By Dr. Bọ́lá Adéwará
Mentoring Masterclass
Video of Fighting Couple
I just watched this video that left me shaken. A husband and a wife, two people who once stood before God and witnesses, dragging each other around the kitchen, fists flying, bodies colliding, words long gone, reason completely absent. Not strangers. Not enemies. Husband and wife fa! How does a marriage descend to this level? How do two people who once promised love, honour, and protection become combatants in their own home?
Many homes look calm from the outside, yet inside them rage storms like this, unchecked anger, unresolved bitterness, accumulated insults, and wounded pride. We clap for wedding pictures but refuse to interrogate the daily work of marriage. We celebrate beginnings and ignore maintenance.
Where is forgiveness? Where is mutual respect? Where is the wisdom to walk away when tempers are hot? Where is the maturity of the man, called the head of the home, not as a tyrant, but as a stabiliser?
At some point in that home, there was only an issue, a disagreement. That is normal. Couples disagree. But disagreement became a heated argument. The argument became raised voices. Raised voices became raised hands. And suddenly, the kitchen became a battlefield. Where is shame? Where is self-control? Where is the consciousness that children may be watching, children whose idea of love, safety, and marriage is being violently rewritten before their eyes?
Parents are role models, whether they like it or not. When children see their father and mother behave like beasts, they learn fear instead of security, aggression instead of dialogue, trauma instead of trust. This must be said plainly: a man has a higher burden of restraint in the home. Headship is not volume. It is not fists. It is not intimidation. It is responsibility.
*WHAT MUST A HUSBAND DO TO PREVENT ARGUMENTS FROM BECOMING OPEN FIGHTS?*
First, he must master himself. A man who cannot control his anger cannot lead a home. Silence is sometimes leadership. Walking away is sometimes victory.
Second, he must de-escalate, not dominate. When voices rise, he must lower his. When emotions burn, he must cool the space. Strength is shown in restraint, not retaliation.
Third, he must know when to pause the conversation. No issue is so urgent that it must be resolved in rage. “Let us talk later” can save a marriage.
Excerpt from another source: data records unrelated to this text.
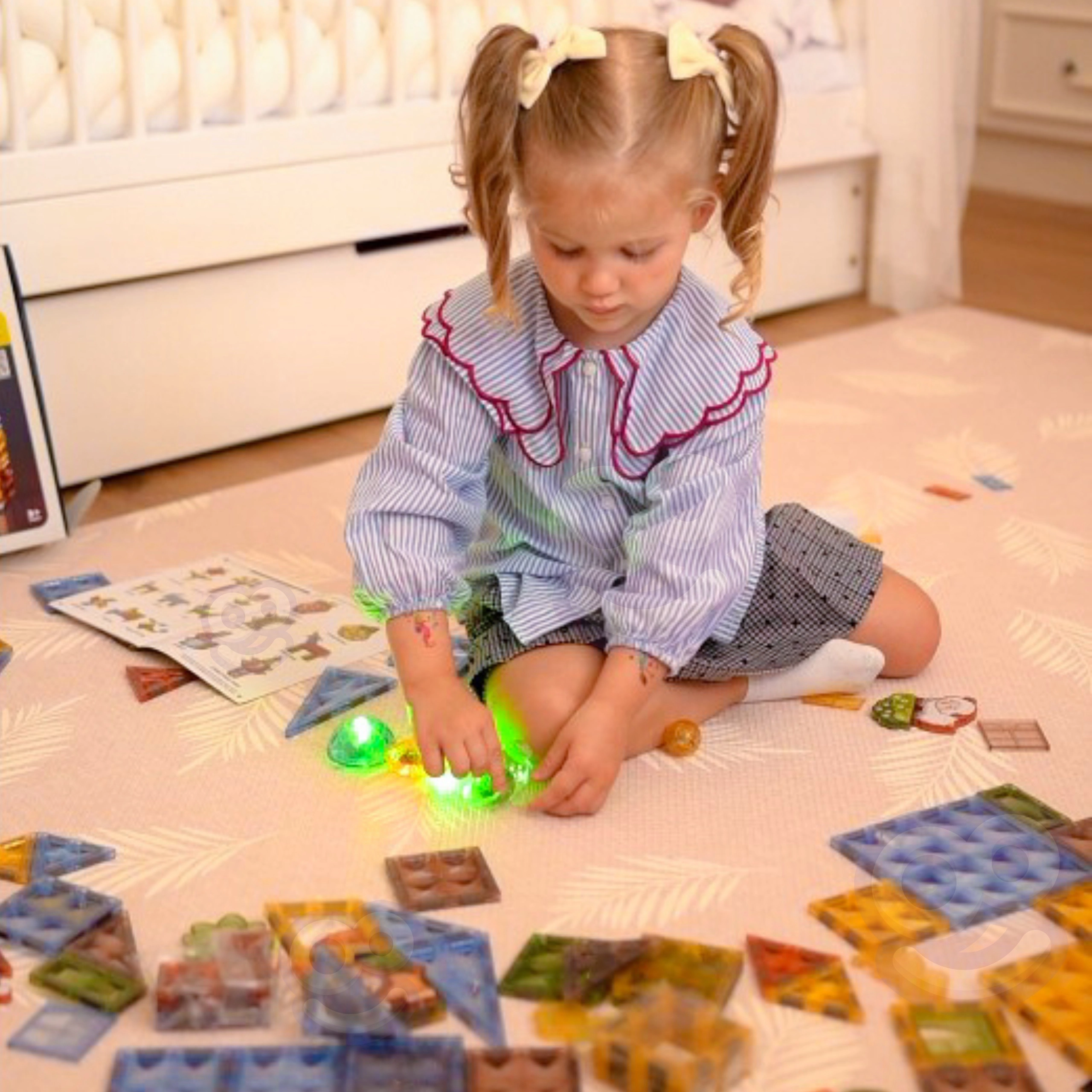 Setul magnetic Woopie 3D Lumea animalelor aduce 124 de piese pentru construcții nesfârșite – de la garduri și țarcuri până la întregi regate ale animalelor. Componentele luminoase oferă fiecărui model un efect impresionant și transformă joaca într-o aventură de seară. Magneții puternici asigură stabilitate și o îmbinare ușoară chiar și pentru copiii mai mici.
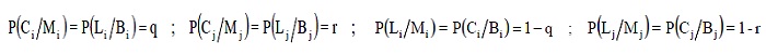 El trabajo del gerente corporativo es evaluar el merito de cada unidad de negocio parainvertir en ella, inicialmente con base en la solicitud del gerente de la unidad de negocio.Sin embargo, como ya se ha dicho, el gerente de la unidad de negocio tiene tendencia aquerer dominar la mayor cantidad de recursos posibles, por ello el gerente corporativo,además de escuchar la solicitud, se basa en un conjunto de información que conformauna creencia acerca de si el estado de la naturaleza le es o no favorable a una determinadaunidad de negocio. Así, si suponemos que existen dos unidades de negocio ( i, j ) en unacorporación, el gerente corporativo acierta cuando hace una inversión alta ( L = I2 ) enuna unidad de negocio que enfrentará un estado bueno de la naturaleza ( B ) o cuandohace una inversión baja ( C = I1) en una unidad de negocio que enfrenta un estado malo (M) de la naturaleza; esta probabilidad de acierto la denotaremos como q , y puedeexpresarse de la siguiente manera:
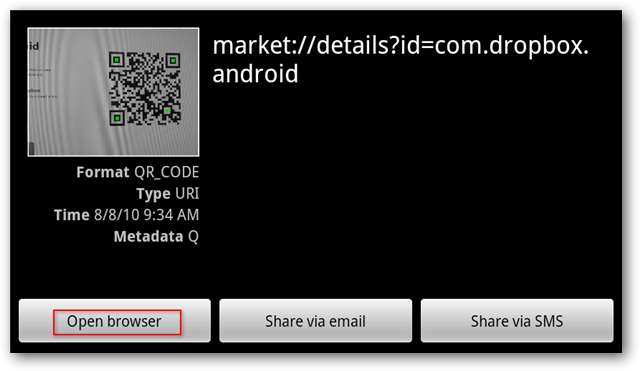 جب بار کوڈ اسکینر QR کوڈ کو پڑھنے اور اس کی شناخت ختم کردیں تو ، براؤزر کھولیں کو منتخب کریں۔
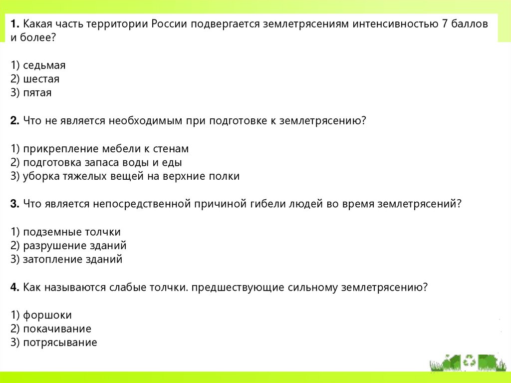 1. Какая часть территории России подвергается землетрясениям интенсивностью 7 баллови более?
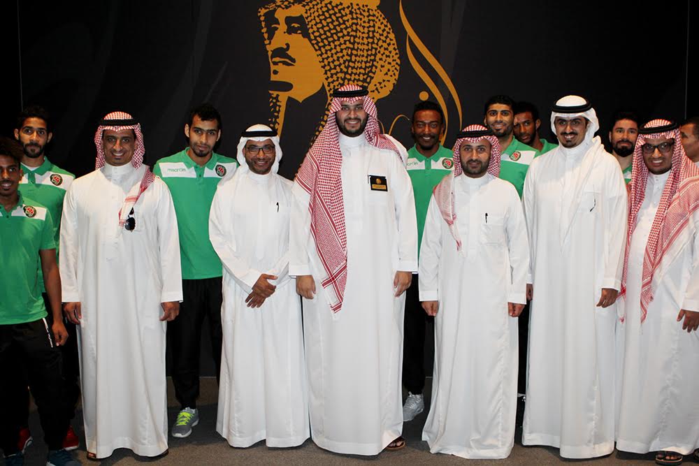 دعا الأمير تركي بن محمد بن فهد  رئيس اللجنة التنفيذية لمعرض وفعاليات تاريخ الملك فهد بن عبدالعزيز “الفهد.. روح القيادة” لاعبي الاتفاق إلى مضاعفة جهدهم من أجل إعادة  الفريق الكروي الاول إلى مكانه الطبيعي في الدوري الممتاز منافساً لا مجرد مشارك فيه.وأشاد الأمير تركي بن محمد خلال لقائه بإدارة ولاعبي الاتفاق خلال زيارتهم لمعرض (الفهد.. روح القيادة)  بالعمل الذي تقوم به إدارة الاتفاق برئاسة خالد الدبل مؤكداً سعادته بأن يقود النادي نخبة من شباب المنطقة وأبناء النادي المؤهلين علمياً والذين يملكون لناديهم حباً كبيراً.وقال: “ثقتي في رئيس النادي خالد الدبل وأعضاء إدارته كبيرة لعملي بقدراتهم الشخصية وبحبهم لناديهم لذلك فأنا أتطلع بأن يثمر ذلك بعودة الاتفاق ليس للصعود للدوري الممتاز فقط بل بالعودة منافساً على الإنجازات كما كان قبل سنوات كواحد من أهم الأندية السعودية والعربية والخليجية”.وطالب الأمير تركي الأمير بمضاعفة جهودهم فيما تبقى من جولات في دوري الدرجة الأولى مشدداً على أن الروح والإخلاص هما السلاحان الأقوى في تحقيق آمال وتطلعات محبي النادي في هذه المرحلة الصعبة.

Fourth, he must protect the dignity of his wife, even in disagreement. Once respect is lost, violence is only a step away.
Finally, he must remember the children. Every argument is a lesson. Every reaction is a sermon. Every outburst leaves a mark. Marriage is not a boxing ring. The home is not a battleground. Love cannot survive where anger is constantly given the right of way.
If we do not relearn forgiveness, respect, patience, and emotional discipline, we will keep producing broken homes filled with living strangers, and wounded children who will one day repeat what they saw. What a marriage? Or rather, what have we allowed marriage to become?